Las formas de poder no estaban basadas en la dominación de una clase social por otras, es decir, que probablemente no existía ninguna contradicción entre el interés colectivo y el interés particular que pudiera manifestarse en forma de Estado, tal cual lo era en el resto del mundo para la época y lo es actualmente. En ese sentido, la policía, las leyes, los tribunales y las cárceles no tenían ninguna lógica de existencia en ausencia de la propiedad privada. Tampoco había contradicción entre la ciudad y el campo, ya que no hay evidencia alguna de la existencia de la propiedad de la tierra y la propiedad de la industria o del trabajo manufacturero medieval.
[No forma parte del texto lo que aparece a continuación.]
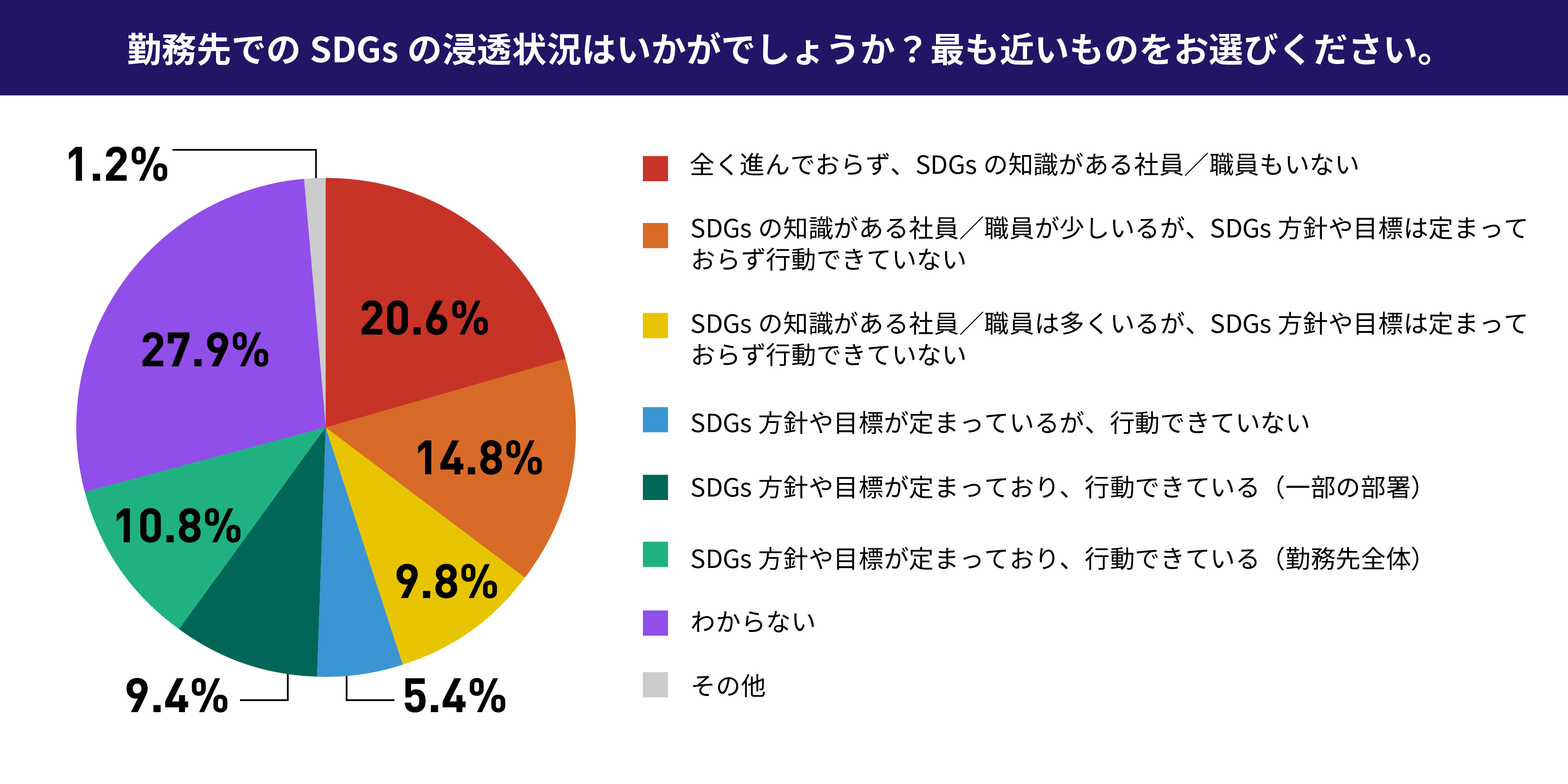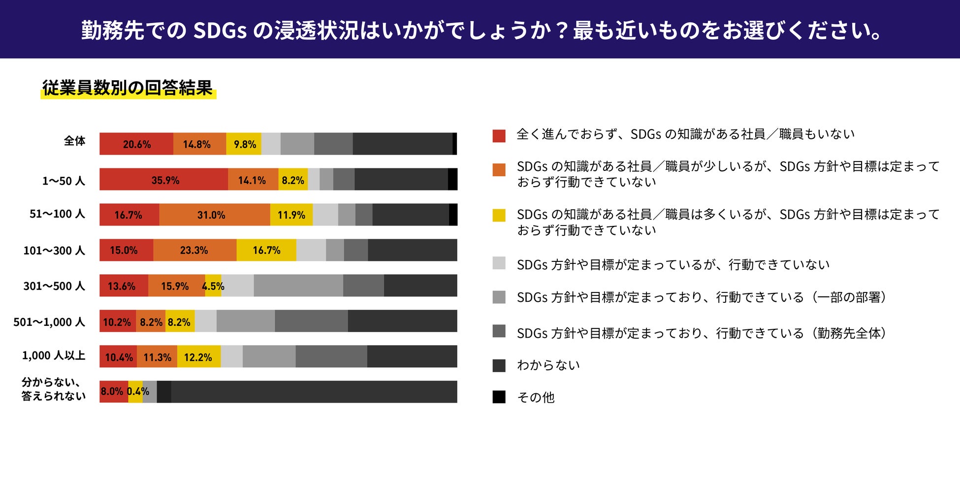 ・従業員数501名以上の企業様では、「会社全体としてSDGsの目標が定まっており、行動できている」と答えた人が20%③SDGsを推進する上で課題となったことの1位は「メリットを知っている人が少ない」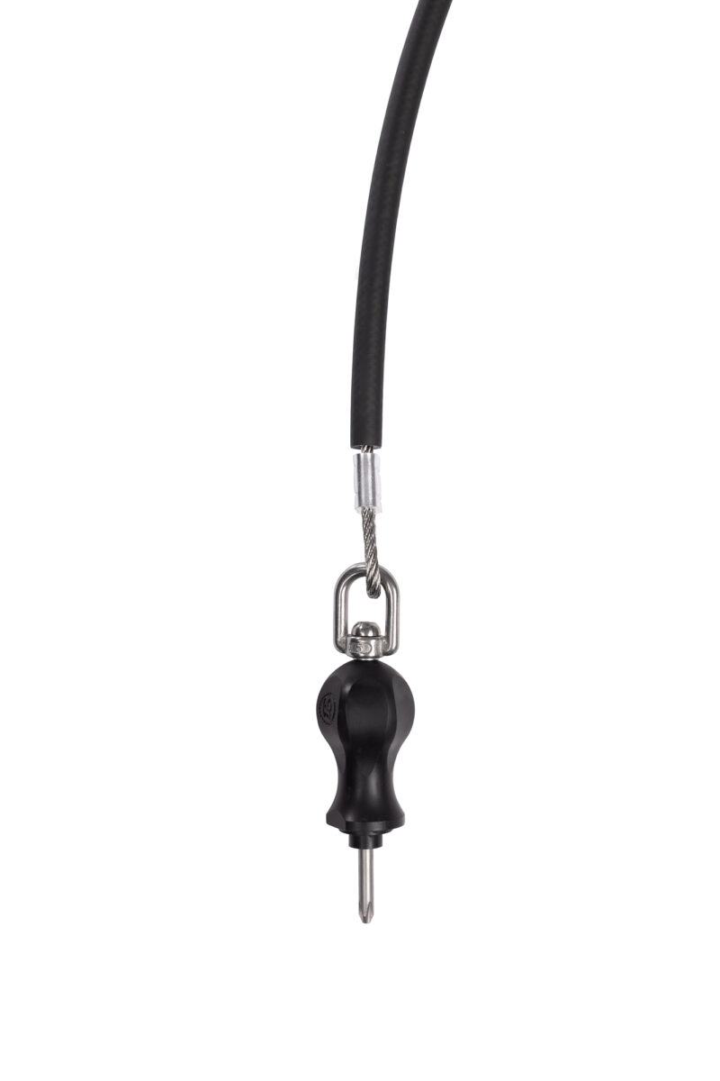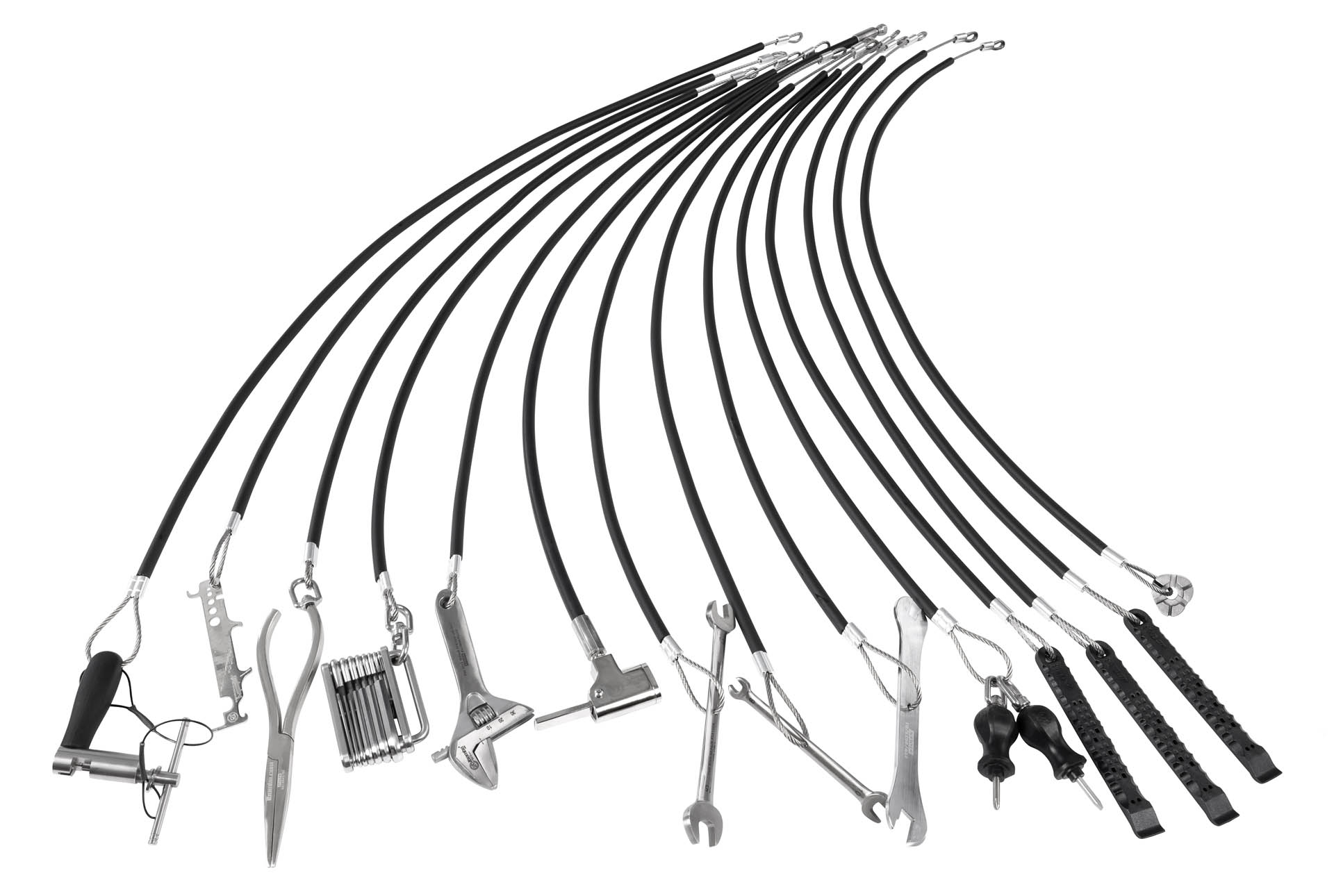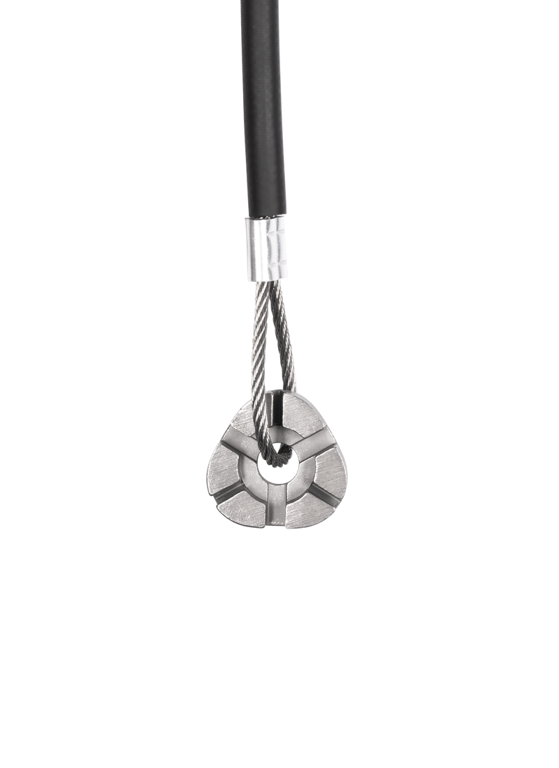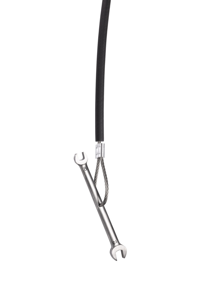 herramientas montadas en cables de aviación (7×7 multitorón, Ø 4 mm) fabricados en acero inoxidable marino AISI 316, cables protegidos por una cubierta de caucho flexible y terminados con engarces de máquina precisos hechos de manguitos de aluminio niquelado.

Las guerras entre pueblos se daban fundamentalmente con la intención de capturar personas y sacrificarlas para sus dioses, pero no revestían el carácter de apropiarse de riquezas. Podríamos afirmar, ya que no hay estudios profundos al respecto, que las fuerzas esenciales de nuestros nativos, su cosmovisión, su ser genérico, fue abruptamente interrumpido al imponérseles una nueva forma de vida basada estrictamente en la existencia del capital.
La invasión y con ella el saqueo y la violencia clasista que dejó más de 60 millones de muertos, solo fueron medios útiles y necesarios para imponer la nueva cultura, la economía. La religión impuesta, es decir, el cristianismo, era imposible sin la existencia primero de categorías materiales. El egoísmo, la avaricia, la idea de desarrollo basado en la riqueza individual tuvieron que haber surgido en ese período convulsionado, producto de esa imposición económica.
¿Cómo imponer algunas prohibiciones sagradas y bíblicas contra el robo y contra la codicia a los bienes ajenos, sin que estas categorías económicas hicieran parte de la vida social de los pueblos conquistados? ¿Cómo se prohibía lo que no existía? Al final, el judío-cristianismo fue el instrumento que bendijo la maldad impuesta: el capital.